I have a question regarding true serializability and predicate locking.
There's some context on the wiki page:

http://wiki.postgresql.org/wiki/Serializable

under the heading "Predicate Locking".

If you have the following DDL:

  create table mytable(mycircle circle);
  create index mytable_mycircle_idx on mytable
    using gist (mycircle);

and two transactions:

T1:
  BEGIN;
  SELECT * FROM mytable WHERE mycircle && '<(0, 0), 10>';
  -- if any rows are returned, ROLLBACK
  INSERT INTO mytable(mycircle) VALUES('<(0, 0), 10>');
  COMMIT;

T2:
  BEGIN;
  SELECT * FROM mytable WHERE mycircle && '<(5, 5), 5>';
  -- if any rows are returned, ROLLBACK
  INSERT INTO mytable(mycircle) VALUES('<(5, 5), 5>');
  COMMIT;

Clearly one of those transactions should abort, because that will happen
in either serialized order.
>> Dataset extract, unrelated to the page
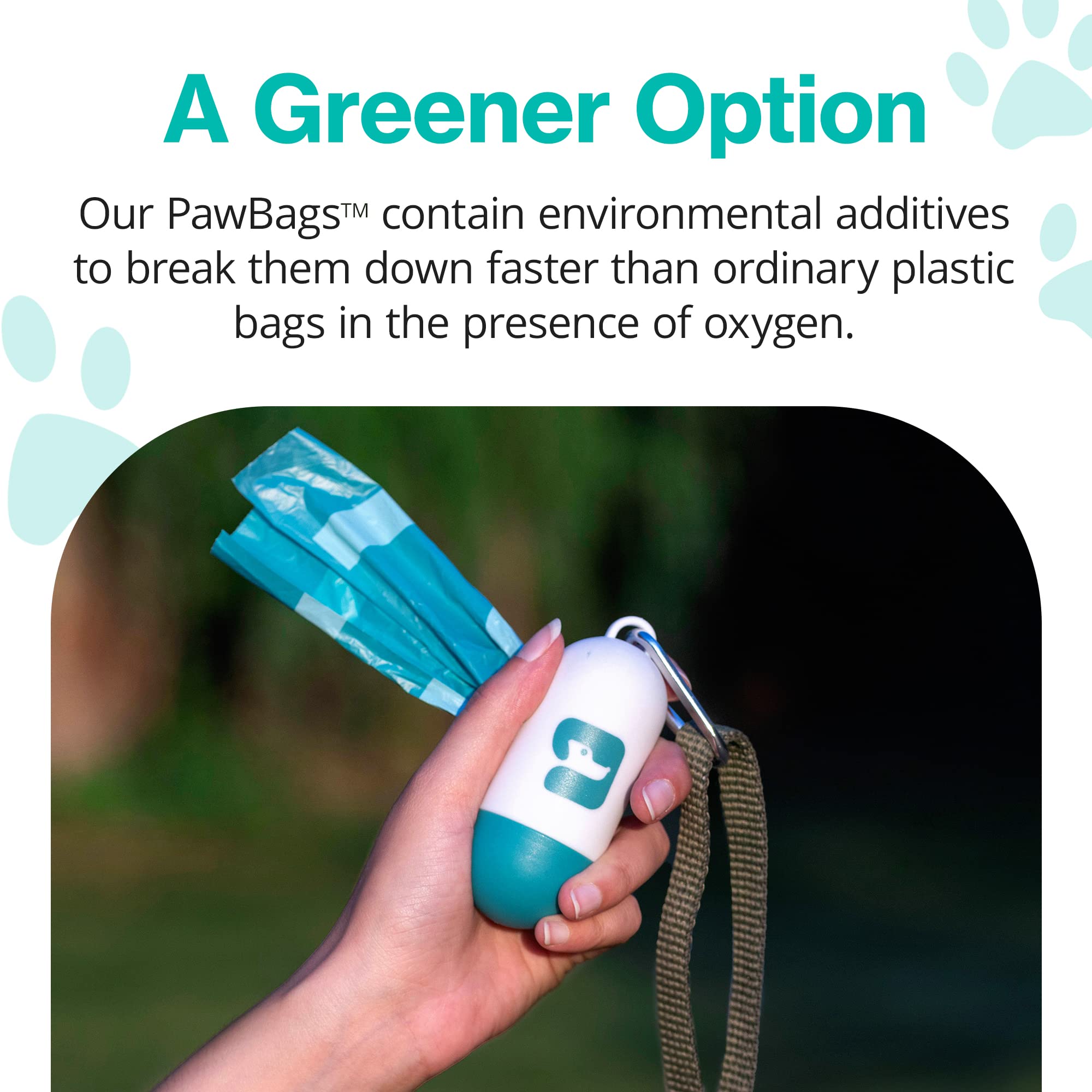 - Use With XL PawBags - Every purchase of this dog bag holder includes one roll of extra-large dogs bags for poop. Our planet-friendly, heavy duty poop bags are leakproof and block bad smells. They oxidize and disintegrate faster than ordinary plastic bags.

But I don't see where any lock is stored,
nor how the conflict is detected.

There has been a lot of theoretical discussion on this matter, but I'd
like to know how it will work in this specific case. You can't merely
lock a few index pages, because the INSERT might put the tuple in
another page.

I'm still trying to catch up on this discussion as well as relevant
papers, but this question has been on my mind.
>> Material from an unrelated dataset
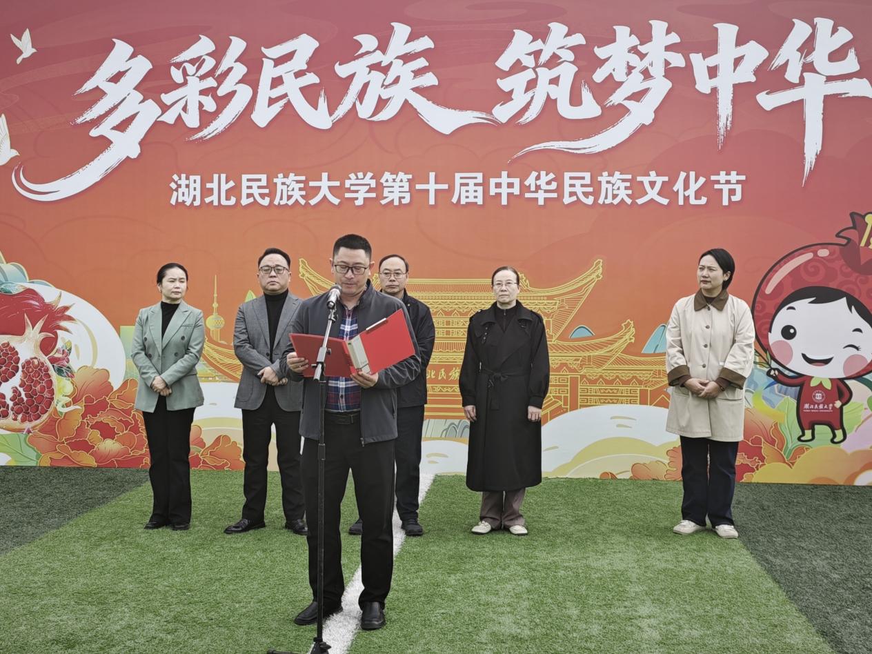 时间:2025-11-18 编辑:办公室 点击:11月15日,湖北民族大学第十届中华民族文化节在五环运动场隆重开幕。本届文化节以“多彩文化韵,千年中华情”为主题,通过民族体育展演、非遗体验、民俗互动等多元形式,展现中华民族文化的交融共生。外国语学院主要承办剪纸和脸谱非遗体验活动。

One approach that might work for GiST is to get some kind of lock
(SIREAD?) on the predicates for the pages that the search does not
match. That way, the conflict can be detected if an INSERT tries to
update the predicate of a page to something that the search may have
matched.

If the index was GIN instead of GiST, I think the fastupdate feature
would cause a problem, though (as Greg brought up). Fastupdate may need
to be disabled when using truly serializable transactions.